Dear Frankie, Month 3

Dear Frankie,

Friday just gone you became 1/4 year old, by Jove. Yeah cuteness this and yeah beautiful that. Yesterday your mother cooked us a great roast pork and we really could have substituted that meat by popping you in that oven instead, you’re so edible. Crikey me, you overwhelm us. You’re vital stats as they stand:

Height: 61cms
Weight: 5.58kg
Eye colour: Prussian blue
Hair colour: Brown waning to light brown
Smile: Killer

I’m so sorry to have to let you know this but we’re getting a lot of people tell us that you look very much like me. What, that vacant, slightly podgy look? And insult to injury: there’s a chance you’ve inherited my left-handedness. Over the past month you’ve been learning to locate your mouth, so you’re spending less time poking yourself in the eye and more time hitting the jackpot with your left thumb. But maybe you’re cack-ambidextrous-handed though because I just got off the phone to your Ma who said that you were lying on the bed with both thumbs in your mouth.

In fact, you’re becoming more orally fixated as the days roll on. You’re going to have to learn that when we go to kiss you, it’s wrong to try and slip your tongue in my or Mummy’s mouth. In a similar trend and following on from your regular puking on us, the other day as we were getting into the bath you treated me to a golden shower. Now, I love you Frankie, just not in that way.

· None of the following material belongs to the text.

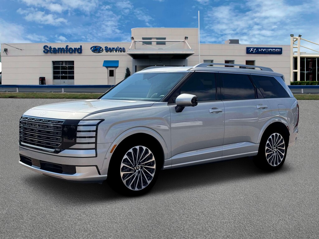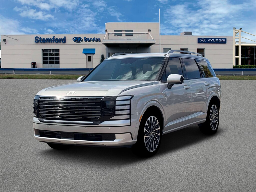 Typhoon Silver Metallic 2026 Hyundai Palisade Hybrid Calligraphy AWD 6-Speed Automatic 2.5L Turbocharged GDI 4-Cylinder Hybrid 14 Speakers, 3rd row seats: split-bench, 4-Wheel Disc Brakes, ABS brakes, Air Conditioning, Alloy wheels, AM/FM radio: SiriusXM, Apple CarPlay & Android Auto, Audio memory, Auto High-beam Headlights, Auto-dimming door mirrors, Auto-dimming Rear-View mirror, Auto-leveling suspension, Automatic temperature control, Brake assist, Bumpers: body-color, Compass, Delay-off headlights, Driver door bin, Driver vanity mirror, Dual front impact airbags, Dual front side impact airbags, Electronic Stability Control, Emergency communication system: Bluelink+, Exterior Parking Camera Rear, Four wheel independent suspension, Front anti-roll bar, Front Bucket Seats, Front Center Armrest, Front dual zone A/C, Front reading lights, Fully automatic headlights, Garage door transmitter: HomeLink, Genuine wood console insert, Genuine wood dashboard insert, Heads-Up Display, Heated & Ventilated Front Bucket Seats, Heated door mirrors, Heated front seats, Heated rear seats, Heated steering wheel, HVAC memory, Illuminated entry, Knee airbag, Leather steering wheel, Low tire pressure warning, Memory seat, Navigation System, Occupant sensing airbag, Option Group 01, Outside temperature display, Overhead airbag, Overhead console, Panic alarm, Passenger door bin, Passenger vanity mirror, Power door mirrors, Power driver seat, Power Liftgate, Power moonroof, Power passenger seat, Power steering, Power windows, Premium Nappa Leather Seat Trim, Radio data system, Radio: Infotainment Navigation System, Rain sensing wipers, Rear air conditioning, Rear anti-roll bar, Rear audio controls, Rear reading lights, Rear side impact airbag, Rear window defroster, Rear window wiper, Reclining 3rd row seat, Remote keyless entry, Security system, Speed control, Split folding rear seat, Spoiler, Steering wheel mounted audio controls, Tachometer, Telescoping steering wheel, Tilt steering wheel, Traction control, Trip computer, Turn signal indicator mirrors, Variably intermittent wipers, Ventilated front seats, Ventilated rear seats, Wheels: 21" x 8.5J Alloy.

Since I last wrote, your first Christmas and New Year’s have come and gone. You slept most of the way through xmas day, coincidentally falling asleep soon after I’d fed you a finger-tip of champagne. New Year’s was spent with your cheggers Auntie Em and Uncle Neil down in Brighthelmstone. We’re very excited about Emmah’s news, you’ll (your imminent cousin and you) even be in the same academic year. It’s just a shame their littl’n won’t be in the higher streamed sets with you.

Last weekend we journeyed over to Cheltenham introduce you to your first suitor, the robust and rather gentlemanly Finn Harrison. You also met your Great Grandma who told you that “this would probably be the only time we’d meet”, which was cheery.

Leaving to go to work continues to be the worst part of my day. Especially if you’re lying there post-feed wrapped up on Mummy, is not easy. When you wake up, you’ll normally have a good stretch then roll into a ball just like a woodlouse protecting herself. Your waking day is mainly spent observing and drooling. And the amount you dribble now has become a bit torrential so your chin, neck and vest are constantly damp. You’re not far off being too big for your moses-like basket and there’s already a bag of your cast-off clothes. Sometimes you look more like a little lady now and less of a baby.

Night times after you’ve just been laid down, your beautiful mother and I will lie in bed, biting our fists to stifle the giggles. Your legs are up at right angles so we can see only them above the parapet of your pit whilst you slurp, suck, blurt and fart away. Last night I read you a story about a rabbit, a cat and a dog. I thought you’d appreciate me doing impressions of the sounds they make. I’m sorry that I made you jump so that you starting crying when I barked like the dog. Naughty doggy.
Everyone remarks upon your electric hairdo and then how easygoing, quiet and well-behaved you are. But you are Frankie, you’ve really hit the nail on the head. Surely babies aren’t supposed to be this good.